Zo moesten we op een gegeven moment een wijnton fabriceren voor baron Jacobus van Slooten, een man die wijn dronk geheel overeenkomstig zijn achternaam. Het moest daarom een enorm ding worden. Als je deze ton overlangs zou doorzagen, dan zou je twee stevige roeiboten hebben waarmee je vast ook wilde rivieren zou kunnen oversteken. Ideaal als je een noodverbinding wil maken met de overkant, maar verder is zo’n ton nogal onpraktisch en in ieder geval is de constructie van zo’n exemplaar een heel karwei.

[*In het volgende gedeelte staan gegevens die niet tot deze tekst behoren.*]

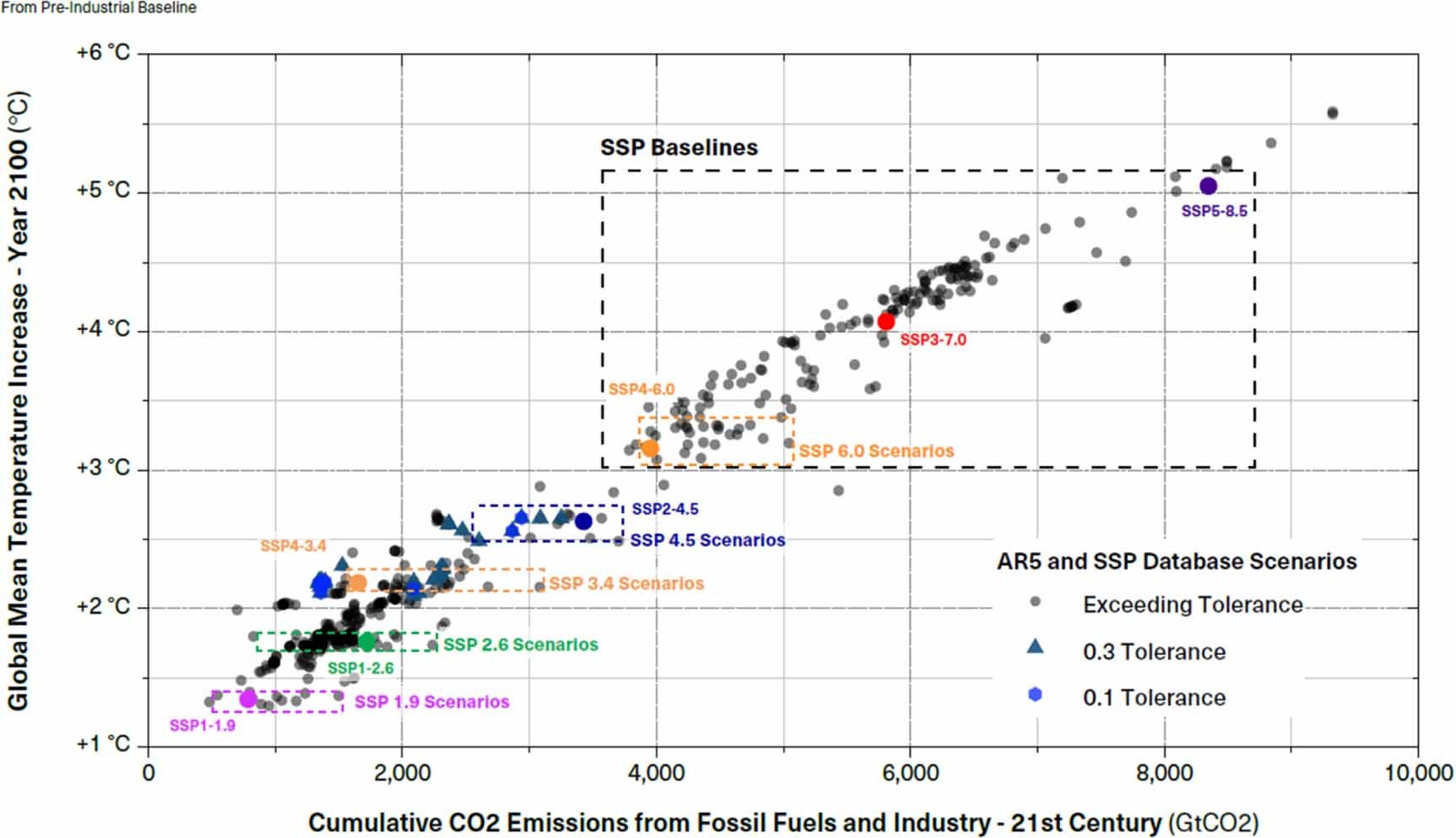 The report guesses (sorry, wrongly) that a SSP-7.0 scenario might be an appropriate high-end scenario. This is why rigorous evaluation is needed, not guesswork. The SSP-7.0 scenarios are every bit as implausible as the SSP-8.5 scenarios.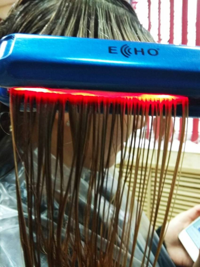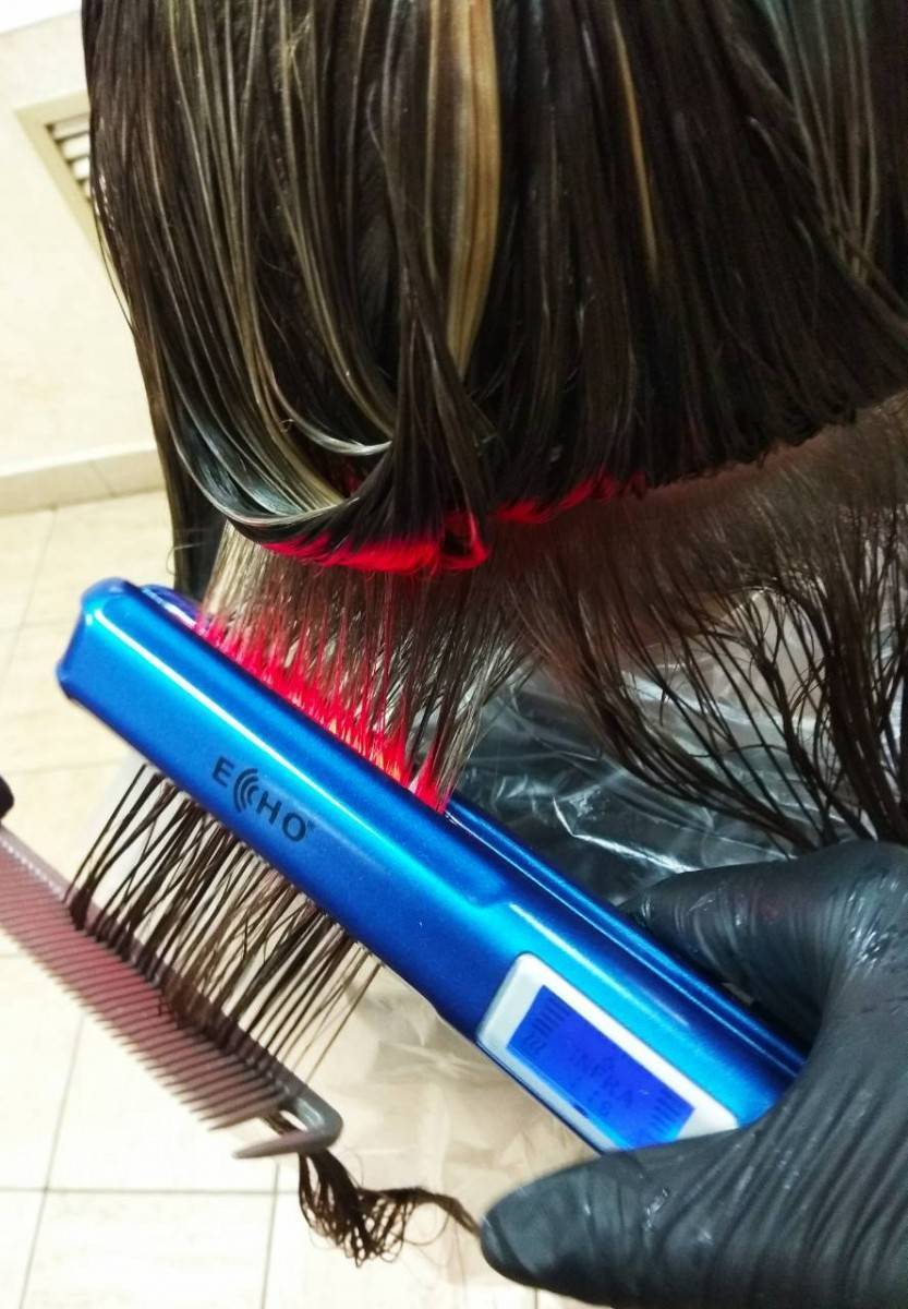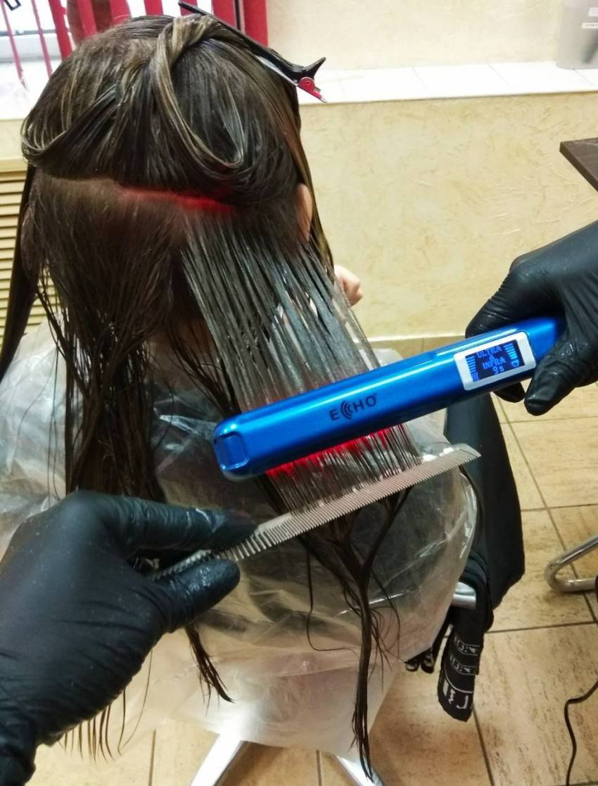 - Каждую прядь обрабатывают с помощью специального инфракрасного ультразвукового утюжка.

Was de fabricage al een hele klus, dat was nog niets vergeleken met de toer die we moesten uithalen om het ding afgeleverd te krijgen. Met een grote dieplader, waarop de ton met een soort megagrote autogordels was vastgezet gingen we op weg. Het paste maar net op de smallere wegen en ik moet helaas zeggen dat menig vogelhuisje tijdens deze tocht sneuvelde. Het laatste vogelhuisje dat we tegenkwamen zat steviger vast dan gedacht en gewenst, en ik moet zeggen dat we daar toch door overvallen werden. We hoorden een pesterige scherp geluid en daarop volgde meteen een vreemd, klokkend geruis. Vervolgens drong een onmiskenbare wijngeur tot ons door. Op zich niet onprettig, maar toch zeer onverwacht en zeker niet gewenst. Erger werd het toen de hele wagen van de grond loskwam en we in een rode wijnrivier onze weg vervolgden. Hoe we zeker wisten dat het wijn was? Simpel, dat is een kwestie van proeven. Bij beroerde wijn proef je één keer, bij goede wijn iets vaker en bij uitstekende wijn is het lastig op te houden. Het eind van het liedje was dat toen ons wijnvaartuig weer aan de grond stond wij tamelijk zat waren. En dat beëindigde helaas ook mijn carrière als wijnton bouwer…


Loading full article...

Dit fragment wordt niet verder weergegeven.